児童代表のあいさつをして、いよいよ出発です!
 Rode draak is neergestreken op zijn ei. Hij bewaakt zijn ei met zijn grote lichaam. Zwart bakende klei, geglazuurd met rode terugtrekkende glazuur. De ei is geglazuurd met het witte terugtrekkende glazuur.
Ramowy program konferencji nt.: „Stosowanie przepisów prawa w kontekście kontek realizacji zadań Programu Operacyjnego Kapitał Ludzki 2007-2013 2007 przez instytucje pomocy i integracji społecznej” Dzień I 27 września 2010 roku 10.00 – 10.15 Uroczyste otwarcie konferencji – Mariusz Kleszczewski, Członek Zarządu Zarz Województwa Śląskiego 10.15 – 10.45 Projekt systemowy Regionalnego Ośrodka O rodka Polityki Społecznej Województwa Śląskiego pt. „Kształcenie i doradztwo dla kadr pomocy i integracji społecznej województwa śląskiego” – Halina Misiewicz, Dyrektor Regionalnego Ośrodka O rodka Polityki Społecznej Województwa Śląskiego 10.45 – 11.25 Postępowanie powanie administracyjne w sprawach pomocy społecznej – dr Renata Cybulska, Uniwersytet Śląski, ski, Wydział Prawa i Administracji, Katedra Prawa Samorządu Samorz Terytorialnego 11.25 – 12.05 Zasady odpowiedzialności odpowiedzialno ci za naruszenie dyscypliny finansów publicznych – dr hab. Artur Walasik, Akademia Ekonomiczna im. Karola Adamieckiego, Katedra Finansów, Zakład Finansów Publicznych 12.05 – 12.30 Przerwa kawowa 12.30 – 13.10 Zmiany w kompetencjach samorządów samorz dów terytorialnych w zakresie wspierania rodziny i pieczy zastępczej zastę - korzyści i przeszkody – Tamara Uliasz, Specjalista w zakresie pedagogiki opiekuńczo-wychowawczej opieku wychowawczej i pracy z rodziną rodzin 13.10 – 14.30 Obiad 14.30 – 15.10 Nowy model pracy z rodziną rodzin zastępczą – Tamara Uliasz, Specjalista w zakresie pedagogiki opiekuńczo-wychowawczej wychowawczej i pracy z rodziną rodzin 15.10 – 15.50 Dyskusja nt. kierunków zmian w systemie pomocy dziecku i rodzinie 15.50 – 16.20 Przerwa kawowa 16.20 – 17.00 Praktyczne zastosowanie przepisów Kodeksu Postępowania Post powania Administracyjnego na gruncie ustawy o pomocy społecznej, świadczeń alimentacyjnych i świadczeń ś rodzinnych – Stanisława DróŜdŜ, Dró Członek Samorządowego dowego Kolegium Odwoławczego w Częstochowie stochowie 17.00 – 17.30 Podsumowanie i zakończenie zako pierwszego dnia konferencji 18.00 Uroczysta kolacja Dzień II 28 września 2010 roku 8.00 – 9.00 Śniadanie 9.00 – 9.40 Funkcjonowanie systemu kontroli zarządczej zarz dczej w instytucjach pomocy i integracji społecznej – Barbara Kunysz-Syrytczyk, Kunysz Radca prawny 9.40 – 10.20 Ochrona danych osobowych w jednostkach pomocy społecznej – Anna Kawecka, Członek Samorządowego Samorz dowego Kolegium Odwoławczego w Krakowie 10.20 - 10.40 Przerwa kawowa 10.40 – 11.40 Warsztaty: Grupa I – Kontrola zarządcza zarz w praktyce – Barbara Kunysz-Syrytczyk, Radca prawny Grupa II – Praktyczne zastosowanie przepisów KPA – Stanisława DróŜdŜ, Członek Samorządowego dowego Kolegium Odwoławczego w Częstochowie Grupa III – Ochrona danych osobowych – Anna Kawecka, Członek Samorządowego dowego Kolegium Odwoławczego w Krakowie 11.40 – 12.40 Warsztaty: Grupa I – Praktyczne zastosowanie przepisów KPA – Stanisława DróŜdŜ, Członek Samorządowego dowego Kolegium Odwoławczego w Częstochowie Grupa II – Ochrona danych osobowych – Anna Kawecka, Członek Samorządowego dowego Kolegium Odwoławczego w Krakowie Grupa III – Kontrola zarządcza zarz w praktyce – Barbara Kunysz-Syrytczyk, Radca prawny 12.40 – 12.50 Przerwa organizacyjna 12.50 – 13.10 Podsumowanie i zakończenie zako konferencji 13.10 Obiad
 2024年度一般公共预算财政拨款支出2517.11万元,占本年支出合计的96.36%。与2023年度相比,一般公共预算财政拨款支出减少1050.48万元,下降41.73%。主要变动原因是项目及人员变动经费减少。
--
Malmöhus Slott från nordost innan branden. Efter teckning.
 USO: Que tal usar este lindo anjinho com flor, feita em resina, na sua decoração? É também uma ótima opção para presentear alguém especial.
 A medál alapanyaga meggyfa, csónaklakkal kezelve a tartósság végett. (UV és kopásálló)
---
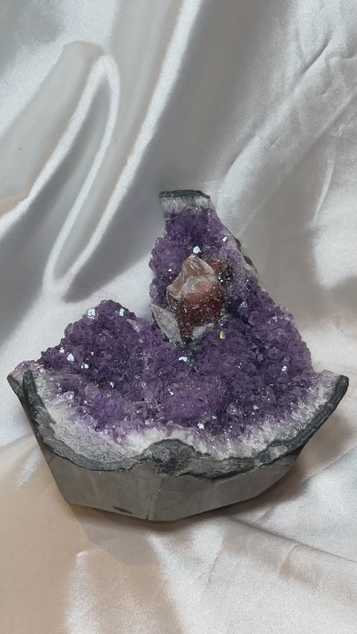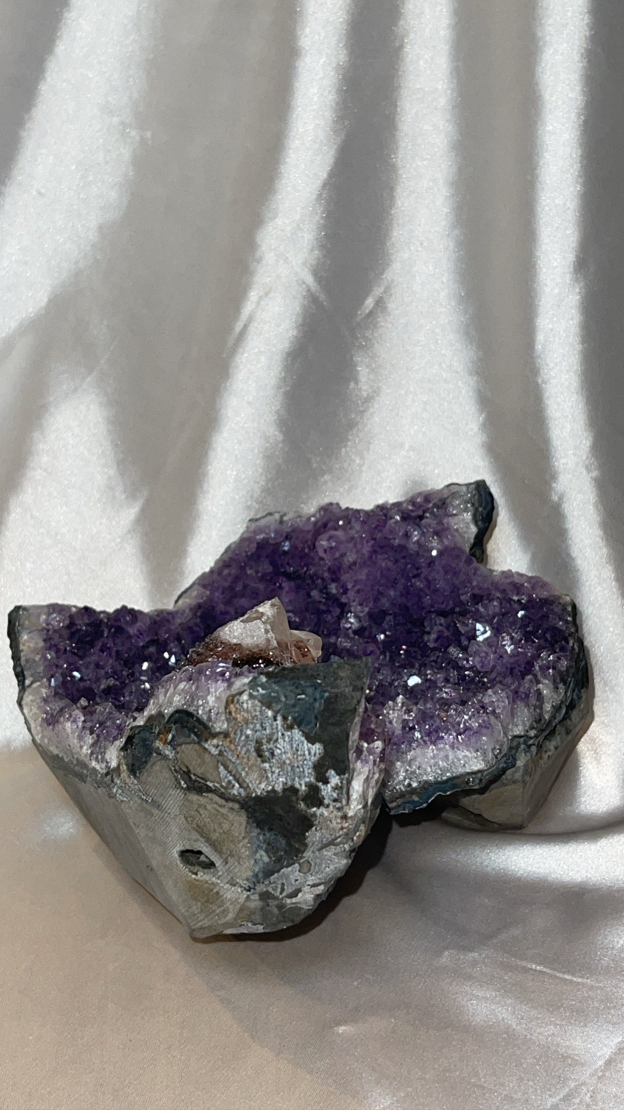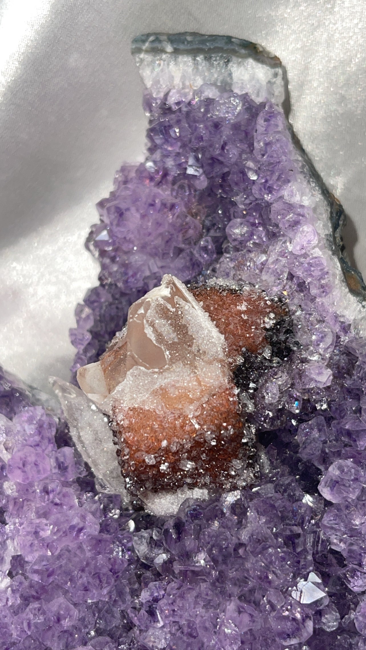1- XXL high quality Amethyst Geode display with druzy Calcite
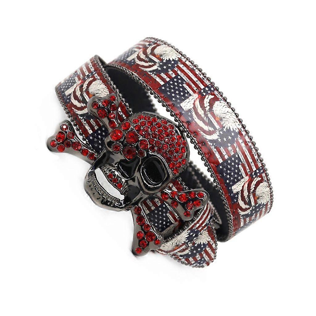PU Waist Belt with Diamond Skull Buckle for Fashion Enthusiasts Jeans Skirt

◆ TRY IT ◆
Where the listing above reaches the line that contains "児童代表のあいさつをして、いよいよ出発です!", start retyping, and finish with the line that contains "Rode draak is"; reproduce those lines exactly and no others.

◆ SOLUTION BELOW ◆
児童代表のあいさつをして、いよいよ出発です!
 Rode draak is neergestreken op zijn ei. Hij bewaakt zijn ei met zijn grote lichaam. Zwart bakende klei, geglazuurd met rode terugtrekkende glazuur. De ei is geglazuurd met het witte terugtrekkende glazuur.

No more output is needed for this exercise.